De la radioactivité à Tokyo et dans le reste du Japon

Fukushima, le nouveau Tchernobyl ?

 

Cet article est une traduction tirée de « Accidentally a Blog » de Christopher Jones. Vous pourrez lire l’article original ici.

Pendant que les medias étrangers, occidentaux en tête, continuent à présenter la crise nucléaire de Fukushima comme un Armageddon pour le Japon, voire pour le monde entier, les medias japonais, de leur côté, vont sur le terrain et prennent des mesures des différents niveaux de radiations dans toute la région du Kantō.
Voici une carte réalisée (par Christopher) à partir de ces données récoltées.

Pour les plus allergiques d’entre vous à l’anglais, la légende de la carte dit ceci :

Niveaux de Radiations dans Différentes Parties du Japon
Vendredi 18 mars 2011 (entre 16h00 et 17h00 heure japonaise, sauf Fukushima 23h00, Miyagi 9h00, Saitama 15h00)
Toutes les mesures sont exprimées en micro-sieverts par heure (μSv/h).

Niveaux de Radiations dans l'Est du Japon, 18 mars 2011

(vous pouvez cliquer sur la carte pour la voir en plus grand si vous le souhaitez)

Ces mesures ont été faites par le Yomiuri Shinbun, l’un des plus importants journaux quotidiens du Japon. [Christopher] a aussi vu des mesures faites par Asahi TV, à part quelques fluctuations, elles étaient du même ordre. En d’autres termes, plusieurs organisations privées et indépendantes font leurs propres mesures, ne pensez pas qu’elles proviennent toutes du gouvernement japonais ou de TEPCO et qu’ils cachent ou minimisent les faits.
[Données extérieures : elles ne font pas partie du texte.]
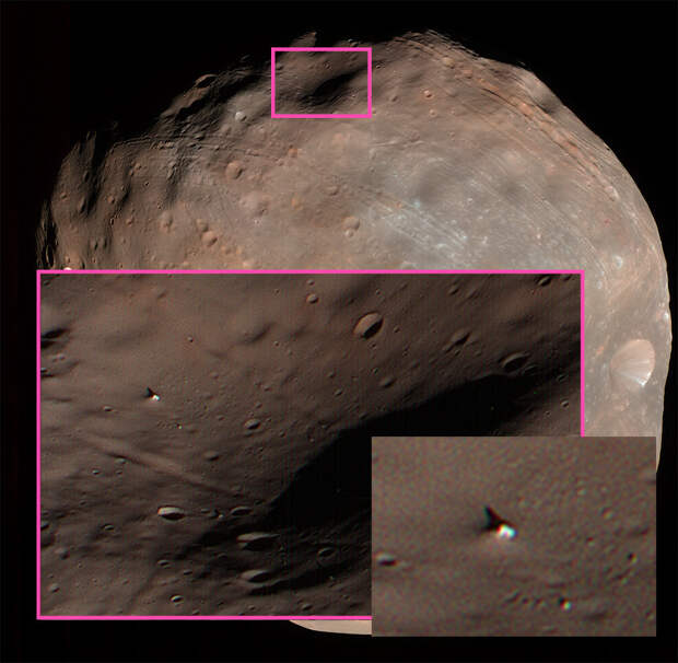 Еще один феномен. После получения снимков Фобоса в хорошем качестве, на нем в северной части, внутри кратера был обнаружен странный выступ, монолит:

De plus, notez que ces mesures sont exprimées en micro-sieverts (μSv).
Le sievert étant la mesure indiquant les effets biologiques d’une radiation.
Pour mémoire, 1000 micro-sieverts = 1 milli-sievert (mSv).
Nous recevons en moyenne 2 milli-sieverts (soit 2000 micro-sieverts) par an juste par l’effet des radiations naturellement émises par la nature (rayonnement solaire, radioactivité terrestre, etc).
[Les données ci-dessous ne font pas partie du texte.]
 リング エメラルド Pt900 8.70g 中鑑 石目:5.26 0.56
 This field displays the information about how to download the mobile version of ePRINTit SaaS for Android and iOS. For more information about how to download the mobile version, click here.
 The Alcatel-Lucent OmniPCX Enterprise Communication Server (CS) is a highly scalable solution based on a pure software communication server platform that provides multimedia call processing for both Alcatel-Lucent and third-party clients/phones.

Quelques comparaisons chiffrées :

  • L’équipage d’un avion volant entre Tokyo et New York tout au long de l’année recevra environ 9 mSv par an. Soit 23 ans à Tokyo soumis au niveau de radiations d’hier.
  • Si vous fumez un paquet et demi de cigarettes par jour, vous absorberez entre 13 et 60 mSv par an. Il faudrait que Tokyo reste au niveau de radiation d’hier entre 33 et 153 ans pour atteindre ce niveau.

Divers niveaux de radiation annuels (classés par ordre croissant) :

  • Rayons cosmiques : 0.24 mSv
  • Radiation terrestre naturelle : 0.28 mSv
  • Radiations à Tokyo si le niveau d’hier se maintenait pendant un an : 0.39 mSv
  • Radioactivité naturelle du corps humain : 0.4 mSv
  • Radioactivité naturelle dans l’atmosphère : 2mSv

Radiations auxquelles le corps humain est exposé au cours de certains actes médicaux et entre parenthèses la durée qu’il faudrait passer à Tokyo au niveau de radiations d’hier :

  • Une mammographie : 3 mSv (soit 7 ans à Tokyo)
  • Une scanographie du cerveau : 0.8-5 mSv (soit entre 2 à 13 ans à Tokyo)
  • Une scanographie de la poitrine : 6-18 mSv (soit entre 15 et 46 ans à Tokyo)
  • Une radiographie gastro-intestinale : 14 mSv (soit 36 ans à Tokyo)

(sources)

Le but de ces chiffres n’est pas de nier le fait que la situation à la centrale Fukushima Daiichi est sérieuse, ni le fait que le niveau de radiation ait augmenté. Le but est de fournir une échelle et un ordre de grandeur réalistes face à la désinformation des medias qui pousse des gens à acheter des tablettes d’iode jusqu’en Pennsylvanie (NdT : et en Europe aussi).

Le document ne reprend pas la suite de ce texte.